=== Section Start ===

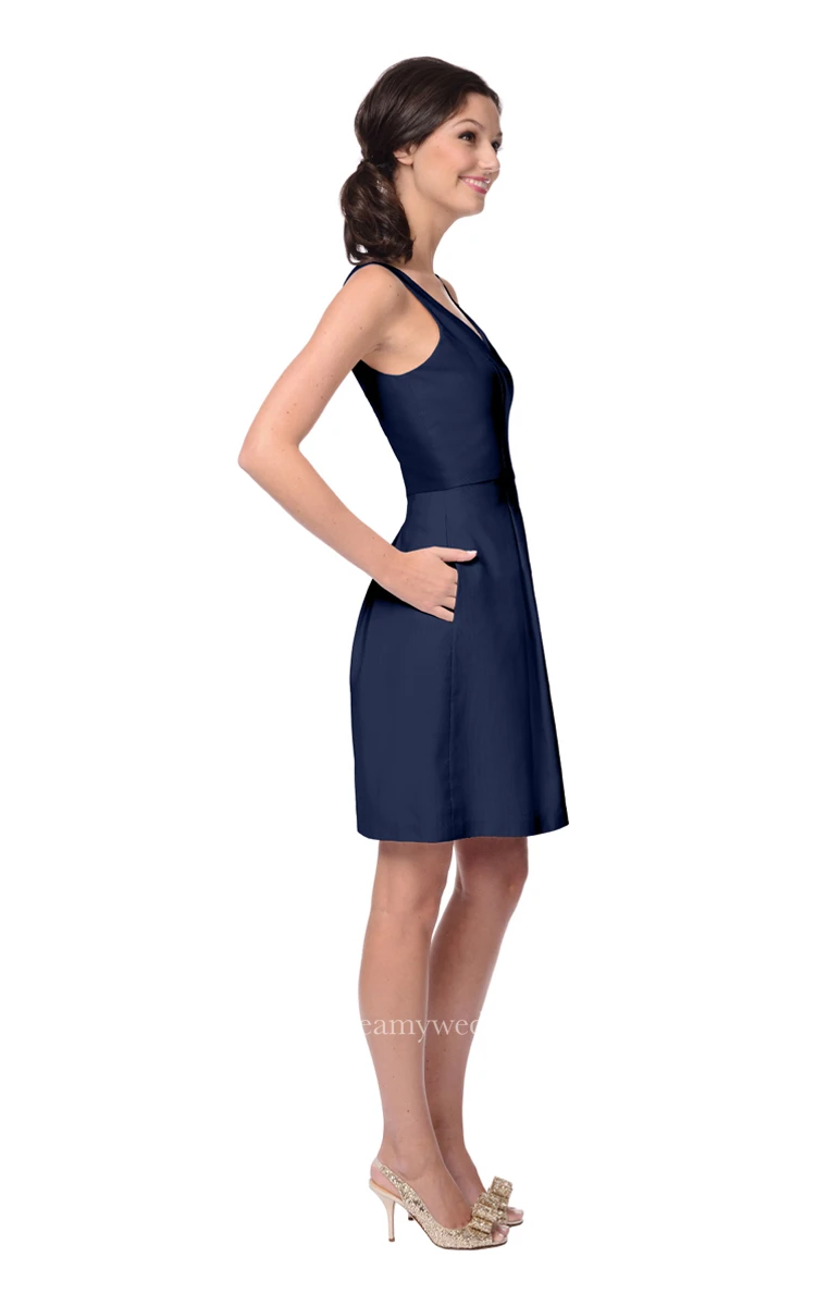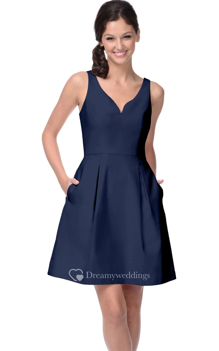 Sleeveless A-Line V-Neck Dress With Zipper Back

=== Section End ===
=== Section Start ===

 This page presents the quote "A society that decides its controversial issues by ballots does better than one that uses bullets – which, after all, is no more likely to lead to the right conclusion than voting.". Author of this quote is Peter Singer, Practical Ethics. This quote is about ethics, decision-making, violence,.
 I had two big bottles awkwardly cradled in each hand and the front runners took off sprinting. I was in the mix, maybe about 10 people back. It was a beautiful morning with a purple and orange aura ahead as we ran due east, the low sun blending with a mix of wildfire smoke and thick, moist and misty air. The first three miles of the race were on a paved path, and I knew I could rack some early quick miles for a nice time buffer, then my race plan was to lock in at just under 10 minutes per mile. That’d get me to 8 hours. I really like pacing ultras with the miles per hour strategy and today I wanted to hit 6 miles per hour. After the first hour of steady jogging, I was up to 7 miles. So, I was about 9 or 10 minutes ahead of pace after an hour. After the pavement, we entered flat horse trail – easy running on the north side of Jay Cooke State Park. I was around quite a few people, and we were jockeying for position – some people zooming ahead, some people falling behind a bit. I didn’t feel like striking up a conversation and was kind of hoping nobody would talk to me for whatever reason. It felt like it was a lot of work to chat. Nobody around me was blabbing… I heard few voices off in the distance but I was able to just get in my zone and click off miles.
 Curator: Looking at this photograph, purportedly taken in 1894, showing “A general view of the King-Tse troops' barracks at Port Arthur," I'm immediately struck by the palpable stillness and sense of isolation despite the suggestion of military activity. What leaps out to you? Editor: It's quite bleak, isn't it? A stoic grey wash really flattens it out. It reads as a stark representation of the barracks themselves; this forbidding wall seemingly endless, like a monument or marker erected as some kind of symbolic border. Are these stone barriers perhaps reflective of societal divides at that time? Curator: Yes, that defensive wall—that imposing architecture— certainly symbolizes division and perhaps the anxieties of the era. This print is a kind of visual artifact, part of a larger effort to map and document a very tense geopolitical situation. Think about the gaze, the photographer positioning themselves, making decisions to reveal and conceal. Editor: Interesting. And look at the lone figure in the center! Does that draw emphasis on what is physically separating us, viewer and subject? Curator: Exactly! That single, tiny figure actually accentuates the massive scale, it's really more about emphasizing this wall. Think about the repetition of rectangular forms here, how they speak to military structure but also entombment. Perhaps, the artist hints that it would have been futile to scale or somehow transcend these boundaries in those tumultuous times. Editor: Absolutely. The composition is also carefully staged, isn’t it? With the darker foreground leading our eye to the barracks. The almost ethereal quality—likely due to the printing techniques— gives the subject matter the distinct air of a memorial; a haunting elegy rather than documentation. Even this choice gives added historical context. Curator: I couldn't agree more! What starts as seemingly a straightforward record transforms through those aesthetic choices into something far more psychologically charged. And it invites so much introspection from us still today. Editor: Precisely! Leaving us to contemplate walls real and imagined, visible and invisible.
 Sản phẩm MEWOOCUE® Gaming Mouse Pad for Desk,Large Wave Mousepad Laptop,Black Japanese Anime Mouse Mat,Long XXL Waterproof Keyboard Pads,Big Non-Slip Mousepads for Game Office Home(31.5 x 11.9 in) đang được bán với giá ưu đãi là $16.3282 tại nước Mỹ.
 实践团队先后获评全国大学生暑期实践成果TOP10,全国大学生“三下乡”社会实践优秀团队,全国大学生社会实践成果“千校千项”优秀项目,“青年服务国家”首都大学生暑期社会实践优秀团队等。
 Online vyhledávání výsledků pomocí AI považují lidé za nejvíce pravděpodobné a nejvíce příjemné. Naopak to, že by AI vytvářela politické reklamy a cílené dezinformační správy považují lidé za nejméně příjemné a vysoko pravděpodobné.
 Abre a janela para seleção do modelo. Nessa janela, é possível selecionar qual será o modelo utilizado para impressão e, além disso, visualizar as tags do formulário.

=== Section End ===

# DIRECTIONS FOR THIS TASK:
Find the line with "Sản phẩm MEWOOCUE®" in the entries above. Retype it and each line after it, exactly, through the line with "Abre a janela", and stop there.

# TASK OUTPUT:
 Sản phẩm MEWOOCUE® Gaming Mouse Pad for Desk,Large Wave Mousepad Laptop,Black Japanese Anime Mouse Mat,Long XXL Waterproof Keyboard Pads,Big Non-Slip Mousepads for Game Office Home(31.5 x 11.9 in) đang được bán với giá ưu đãi là $16.3282 tại nước Mỹ.
 实践团队先后获评全国大学生暑期实践成果TOP10,全国大学生“三下乡”社会实践优秀团队,全国大学生社会实践成果“千校千项”优秀项目,“青年服务国家”首都大学生暑期社会实践优秀团队等。
 Online vyhledávání výsledků pomocí AI považují lidé za nejvíce pravděpodobné a nejvíce příjemné. Naopak to, že by AI vytvářela politické reklamy a cílené dezinformační správy považují lidé za nejméně příjemné a vysoko pravděpodobné.
 Abre a janela para seleção do modelo. Nessa janela, é possível selecionar qual será o modelo utilizado para impressão e, além disso, visualizar as tags do formulário.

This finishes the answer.